Nigeria will do well therefore to devise intelligent means to stem the flow of brainwashed children of the elite leaving home to join terrorists. It is not a new phenomenon. A number of youths from rich homes are said to be in detention centres in the North-East, male and female, nabbed among captured terrorists, as financiers or providers of material assistance or while en route to jihadist enclaves. In his defiant rant at his trial, “Underwear Bomber,” Farouk AbdulMuttalab, son of the millionaire banker who attempted to blow up a plane over Detroit, USA, boasted that there were many Nigerians like him in terrorist training camps in Sudan and Yemen. The middle-aged son of a former Chief Justice of Nigeria, who reportedly left his posh life to undertake the perilous journey from Abuja to join terrorists in Syria with his wife and children in tow, was seeking a better “after-life.” The kingpins of terrorism — from Osama bin Laden, his successor, Ayman al-Zawahiri, and Anwar al-Awlaki to the hijackers of 9/11 — were from prominent families or were well educated. Self-appointed Islamic State “caliph,” Abu Bakr al-Baghdadi, is a doctorate holder.

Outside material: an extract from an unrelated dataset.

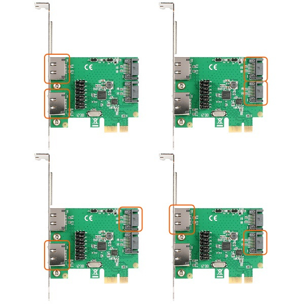 • Možnost výstupu na libovolnou kombinaci dvou externích eSATA konektorů a dvou interních SATA konektorů.
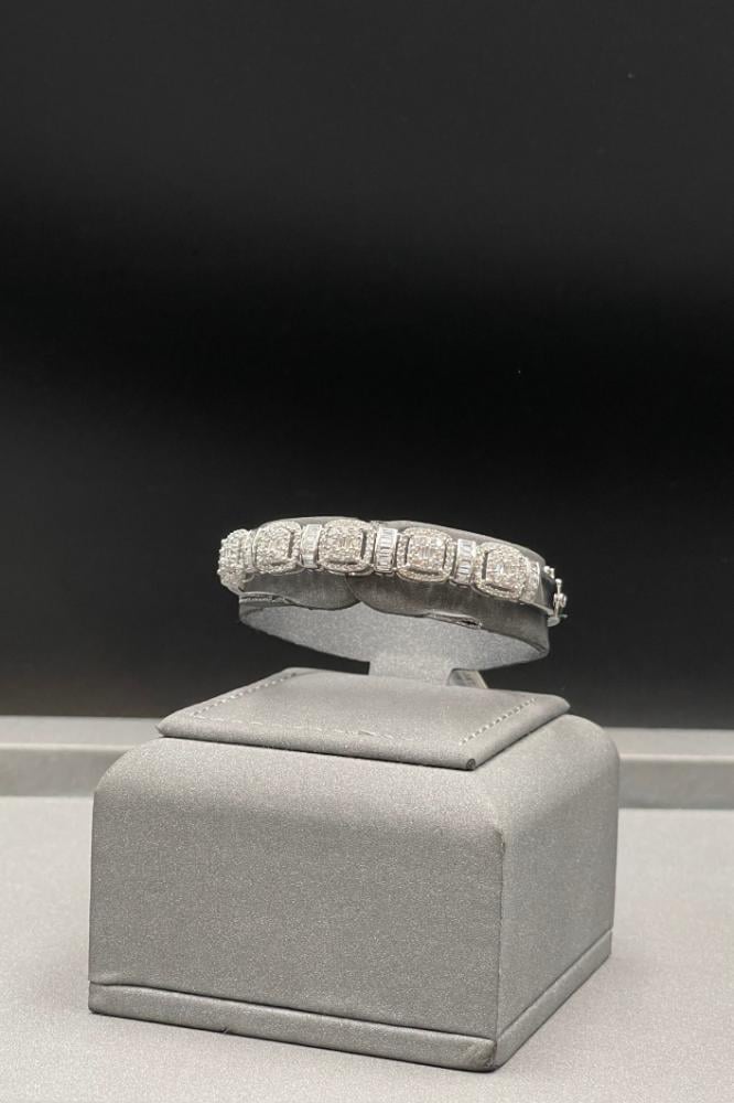 اسوارة مربعات مع باقيت ذهب ابيض تصميم الماس عيار 18 وزن 14.98 جرام

Unlike Western cultures, we still have extensive family and social structures that can be harnessed to help de-radicalise our youths and prevent them from being sucked into the vortex. Over 20,000 foreign fighters have travelled to the Middle East to join terrorist groups, according to some estimates. Between 5,000 and 6,000 Europeans went to Syria to join ISIS in the year to April 2015, 1,450 of them French, according to the European Union. Its counter-terrorism chief, Gilles de Kerchove, said social media was deployed to recruit young Europeans, including girls going to marry jihadists. Some 600 Western girls moved from various countries in the month of May alone. The US Department of Justice said 250 deluded Americans had joined ISIS this year, while Canada reported 45 of its citizens travelling to wage jihad in 2014.
It is the sacred duty of every responsible government to eradicate poverty and ours should not be an exception. In combating terrorism in all its ramifications, including stopping the emigration of our youths, rich or poor, to terrorist camps, however, the solution must begin with the right understanding of the problem. CFR identifies fringe mosques, internet sites and extremist preachers as major agents radicalising youths. In Nigeria, some preachers have become almost above the law, ignored by the security agencies despite their incendiary hate messages and links with extremist foreign agencies.
Boko Haram and other extremist groups partly base their campaign of hate against the state on the grounds that the 12 states that adopted criminal aspects of sharia law are apostates by not going far enough. Many northern states also stoke the fire by plunging headlong into religion instead of sticking to their constitutional role of guaranteeing freedom of faith within the law. By violating the constitution in the name of religion, such state governments embolden zealots.
In implementing its crisis communication initiative, we encourage the government to involve the state governments which should map out counterpart enlightenment programmes at the local government level to counter extremist ideology. Success however will hang on the ability of the intelligence services and the police to identify, monitor, infiltrate and dismantle recruitment rings and terrorist cells.